THE DATA START

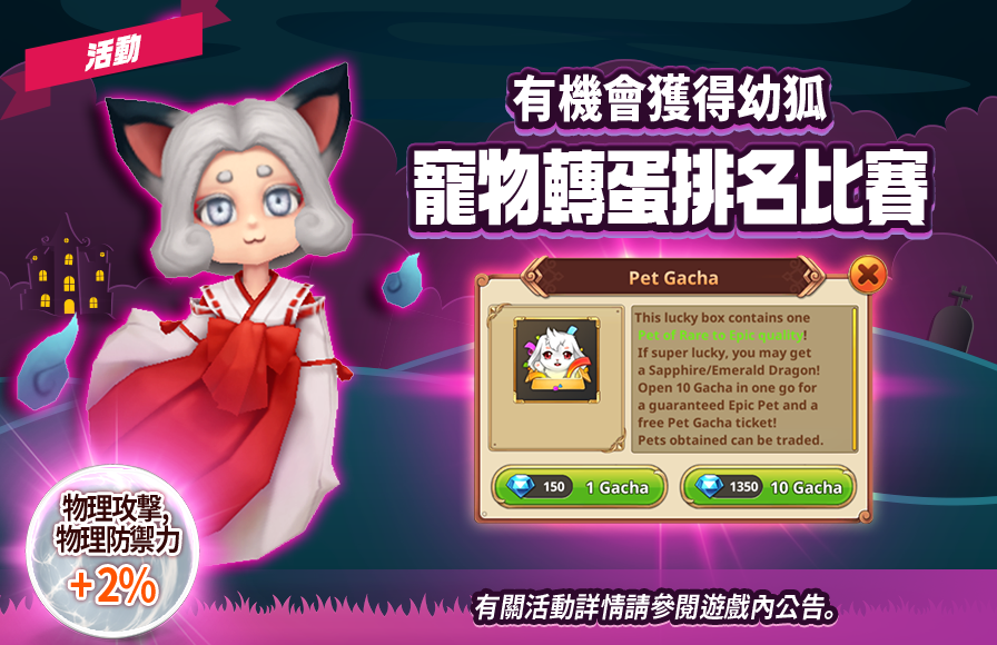 內容: 有機會轉出多個且稀有的寵物並贏得獎勵!
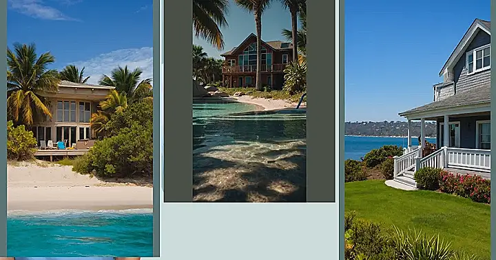 This picture is like a dream come true for any beach bum! It’s a cozy beach house, surrounded by swaying palm trees, with a sparkling pool that’s perfect for a refreshing dip. Imagine lounging in a hammock under the shade of a palm tree, sipping on a fruity drink, and listening to the gentle sound of waves crashing in the distance. This beach house is the ultimate getaway, offering a chance to escape the stress of everyday life and relax in paradise.
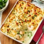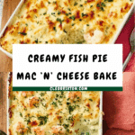 A comforting and hearty Fish Pie Mac ’n’ Cheese combining creamy mustard-infused cheddar sauce with macaroni, mixed smoked and white fish, peas, and fresh parsley, baked to golden perfection. This dish offers a delicious twist on classic mac and cheese with added protein and flavor from the fish pie mix.
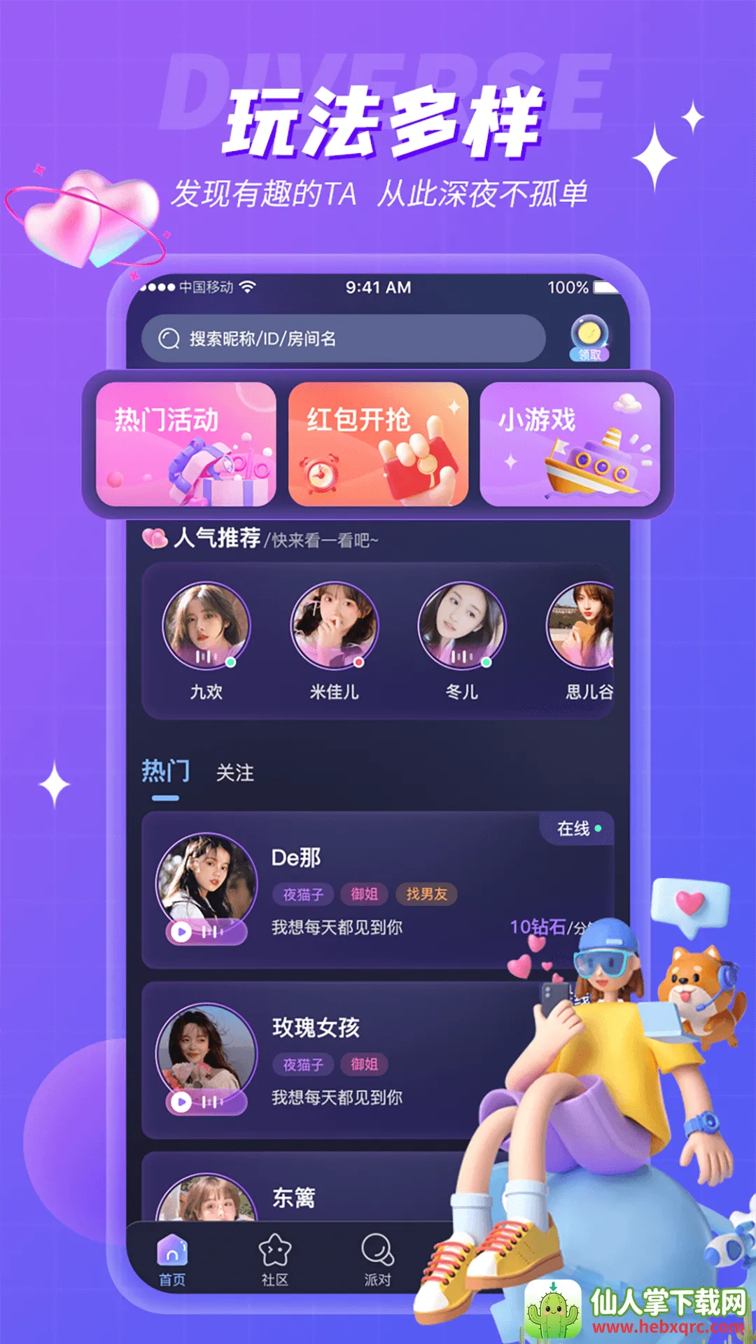 嗨聊支持多种交友模式,非常方便。您可以通过视频、语音等多种聊天方式,轻松寻觅属于自己的缘分,扩大朋友圈,找到更多有趣的灵魂。
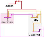 Fig. 3. The axolotl in vitro network: Nodal signalling is simulated by bathing either whole or dissociated animal caps in Activin. Note that this network is identical to the simplified Xenopus in vitro network, except that Mix is required here for the expression of Brachyury.
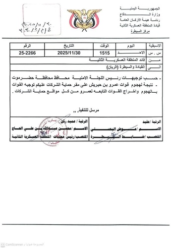 وبحسب الوثيقة الصادرة من قيادة المنطقة العسكرية الثانية، فقد جاءت التوجيهات عقب الاشتباكات التي اندلعت في موقع حماية الشركات، والتي أسفرت عن دخول قوات بن حبريش إلى المقر حماية الشركات.
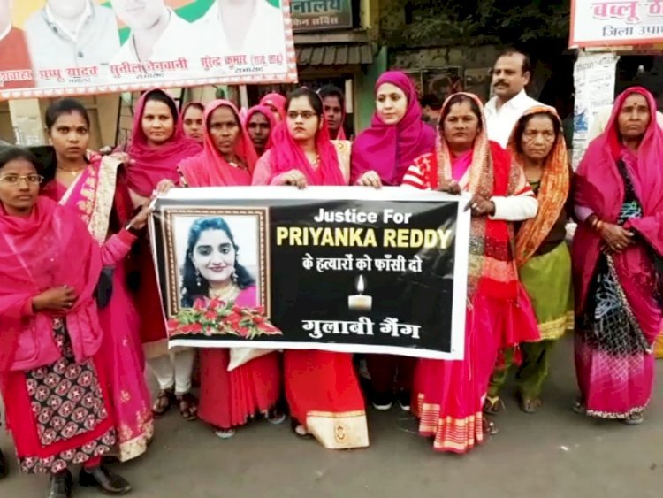 तेलंगाना के हैदराबाद में महिला चिकित्सक के साथ हुई हैवानियत व उसे जिंदा जला देने की घटना के विरोध में आज गुलाबी गैंग सड़कों पर उतर आयी। पूरे देश में इस घटना को लेकर सामाजिक संगठनों में गुस्सा है।
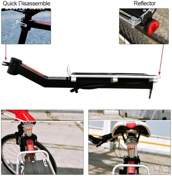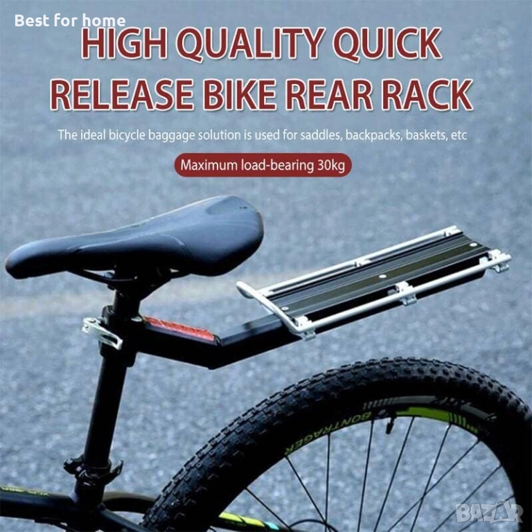 Заден багажник за велосипеди, изработен от висококачествена алуминиева сплав. Устойчив на корозия, по-издръжлив, по-лек.
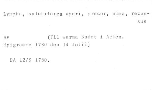 Lympha, salutiferos aperi, precor, alma, reces- //// sus //// Av (Til warma Badet i Acken. //// Epigramme 1780 den 14 Julii) //// DA 12/9 1780.
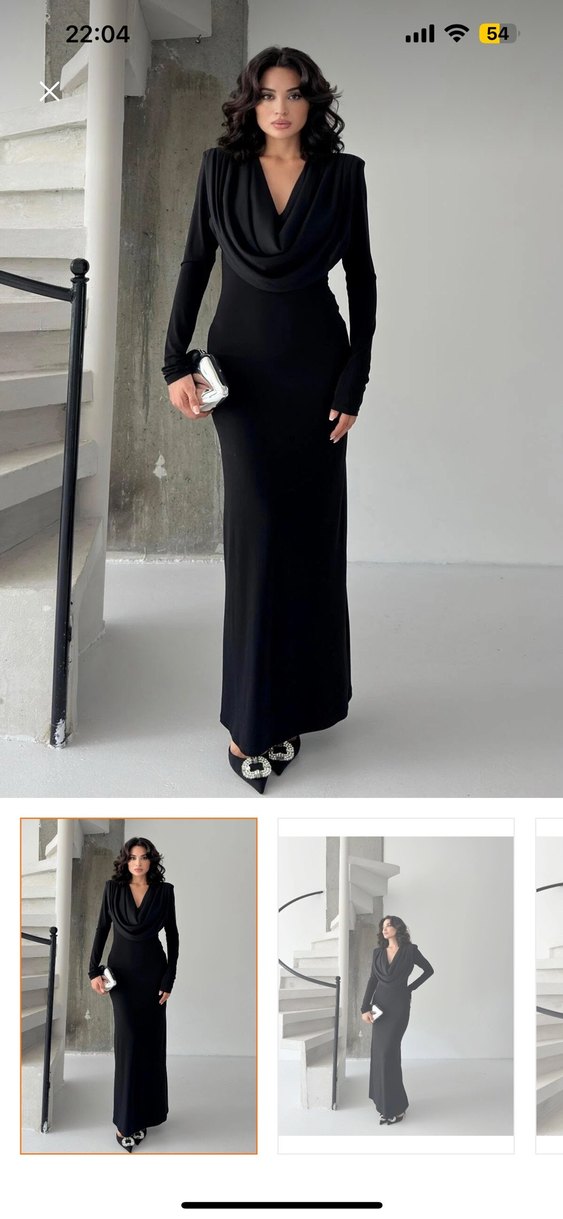 Drapeli Siyah Uzun Kadın Elbise
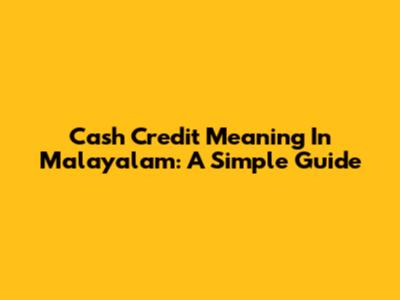 Cash Credit Meaning In Malayalam: A Simple Guide
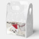 Favour box with an adorable photo of a cute white doggy wearing a red christmas hat.
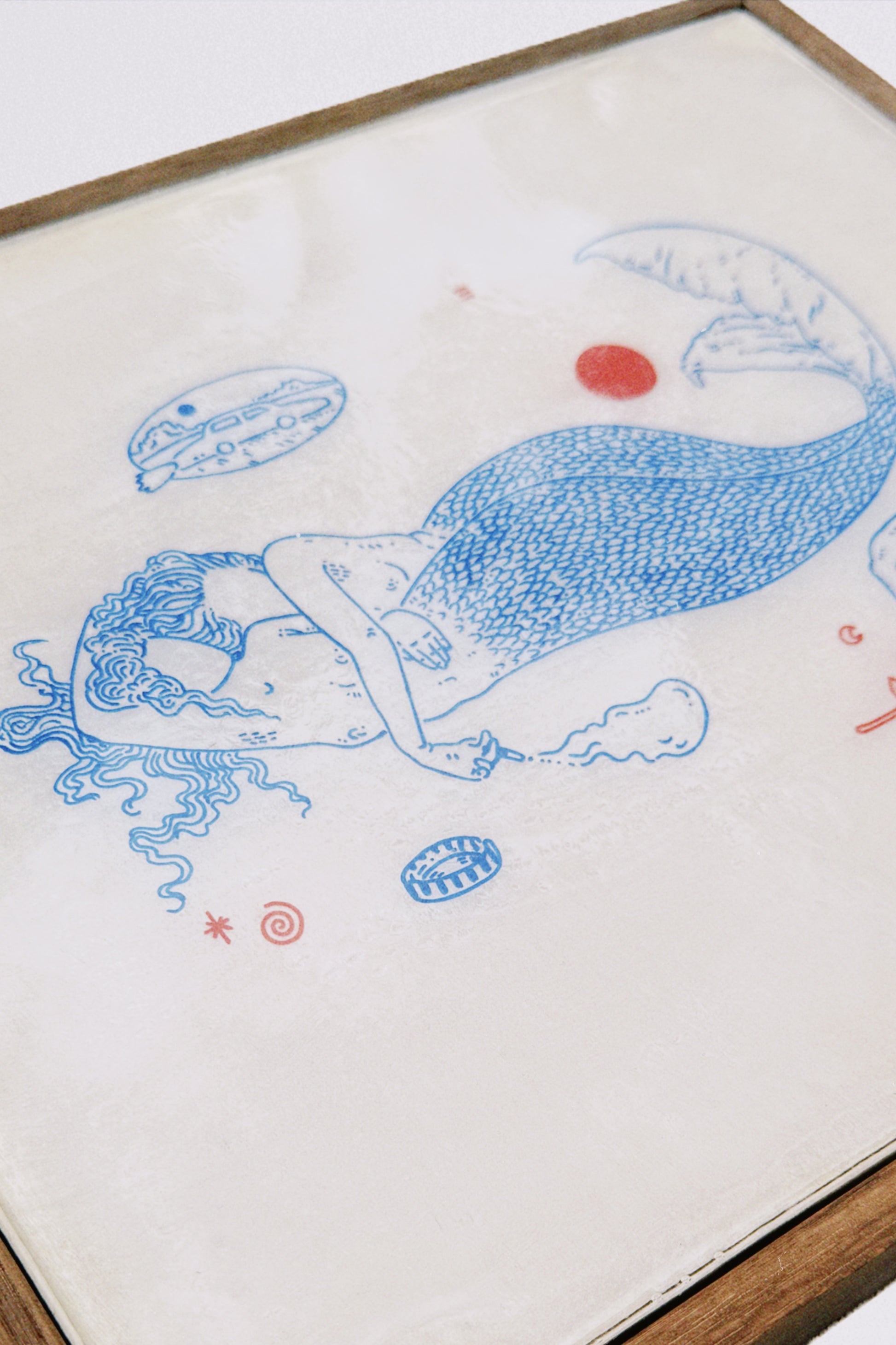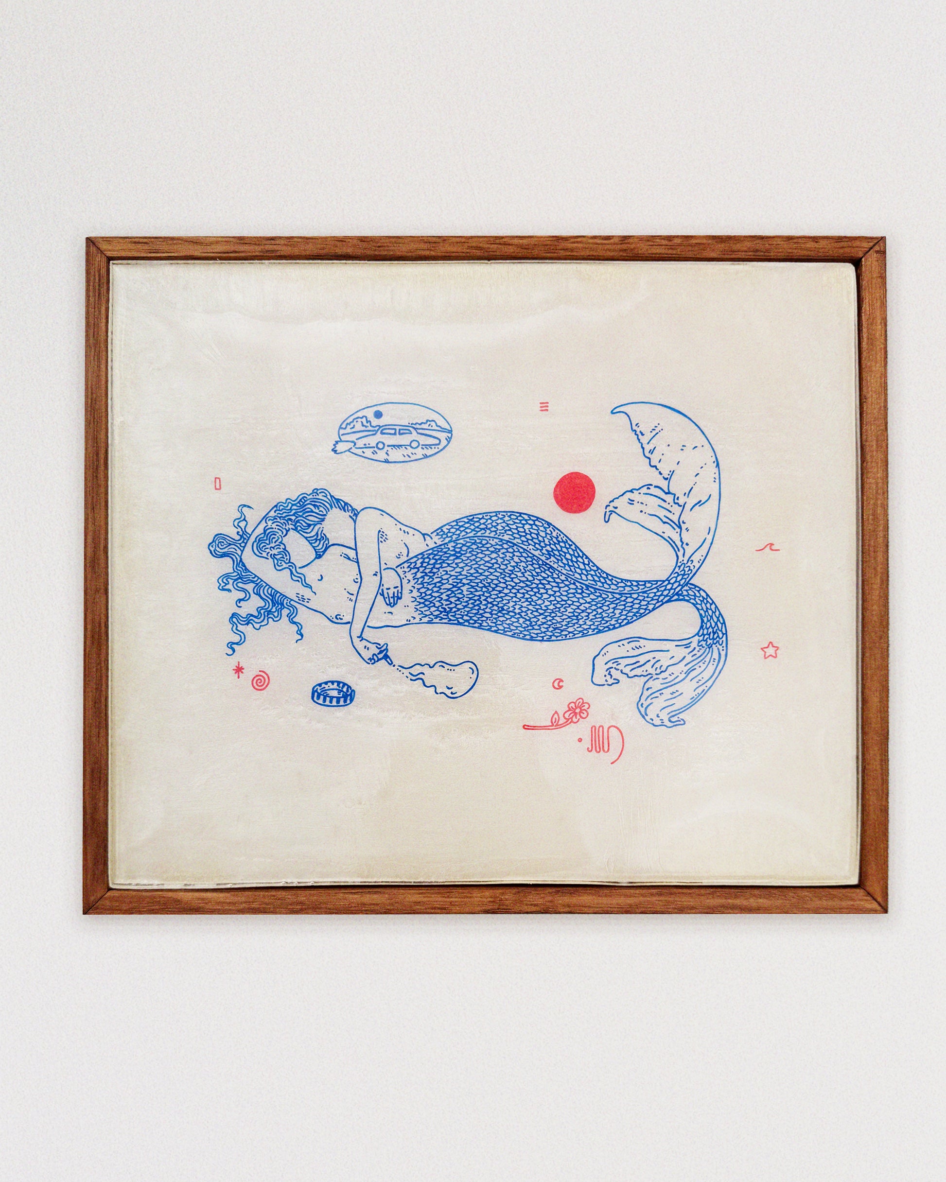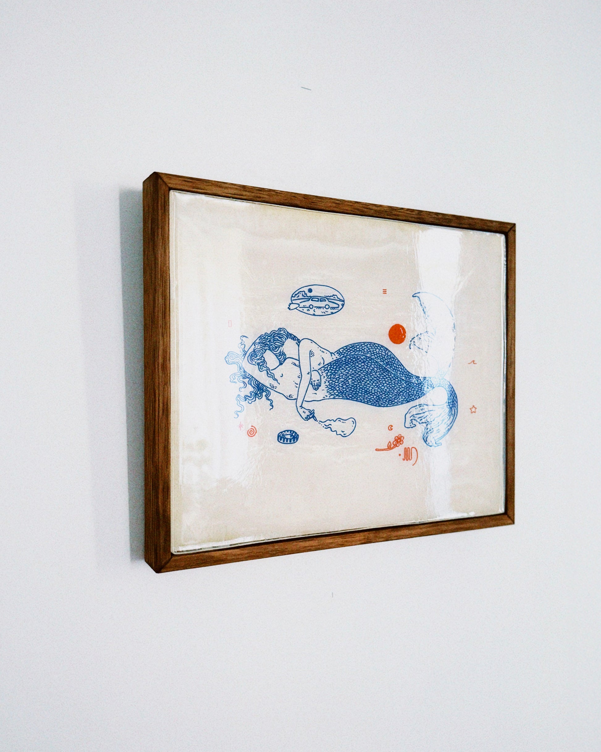 30x25cm. Resin, glitter pigment, posca pens on wood panel. Ready to hang in professional crafted oak floating frame.
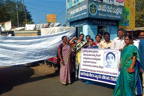 Scores of people gathered on the streets of Vijayawada on Saturday to protest the delay of the Special Investigation Team (SIT) in probing the murder of Ayesha Meera.
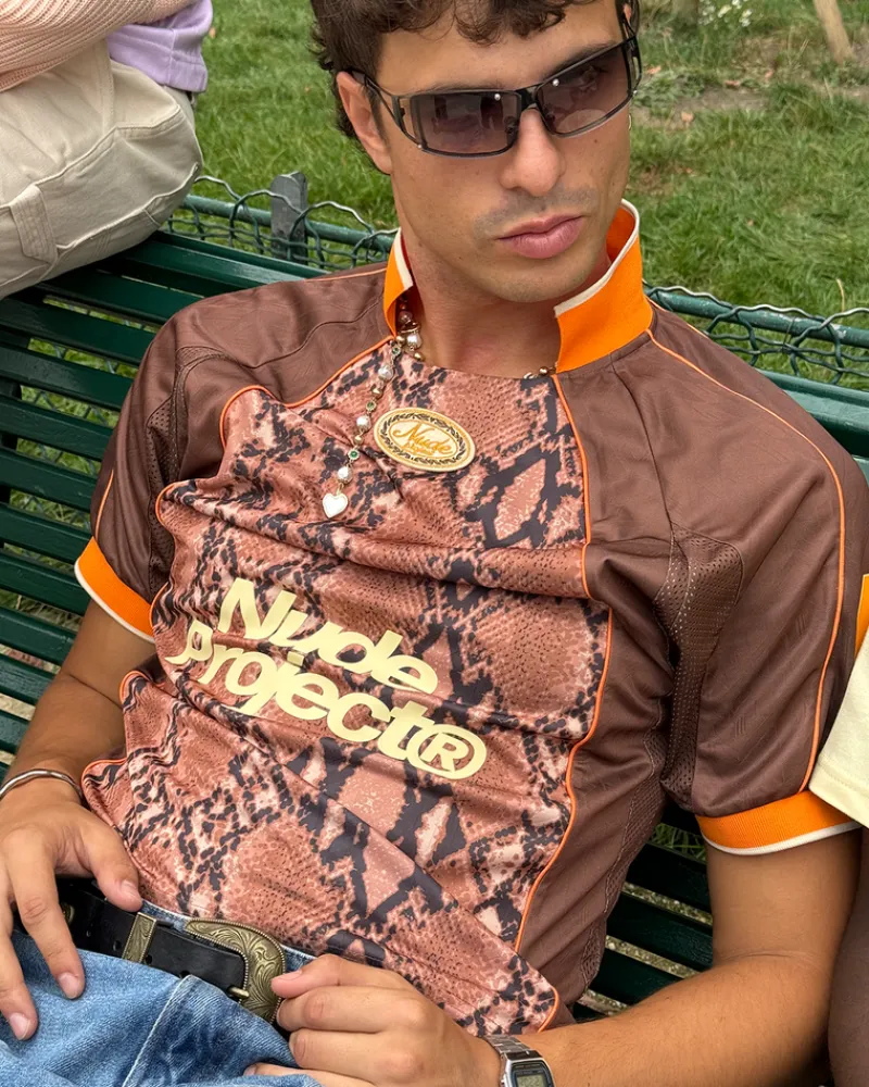 Football inspired tee with rib knit collar (100%Co) Rib knit ending on sleeves.Piping and sublimated patterns and screen…

THE DATA END

#### WORK ORDER
Print exactly the lines above that run from the one with "तेलंगाना के हैदराबाद" to the one with "Favour box with", both included. No pictures.

#### ANSWER
 तेलंगाना के हैदराबाद में महिला चिकित्सक के साथ हुई हैवानियत व उसे जिंदा जला देने की घटना के विरोध में आज गुलाबी गैंग सड़कों पर उतर आयी। पूरे देश में इस घटना को लेकर सामाजिक संगठनों में गुस्सा है।
 Заден багажник за велосипеди, изработен от висококачествена алуминиева сплав. Устойчив на корозия, по-издръжлив, по-лек.
 Lympha, salutiferos aperi, precor, alma, reces- //// sus //// Av (Til warma Badet i Acken. //// Epigramme 1780 den 14 Julii) //// DA 12/9 1780.
 Drapeli Siyah Uzun Kadın Elbise
 Cash Credit Meaning In Malayalam: A Simple Guide
 Favour box with an adorable photo of a cute white doggy wearing a red christmas hat.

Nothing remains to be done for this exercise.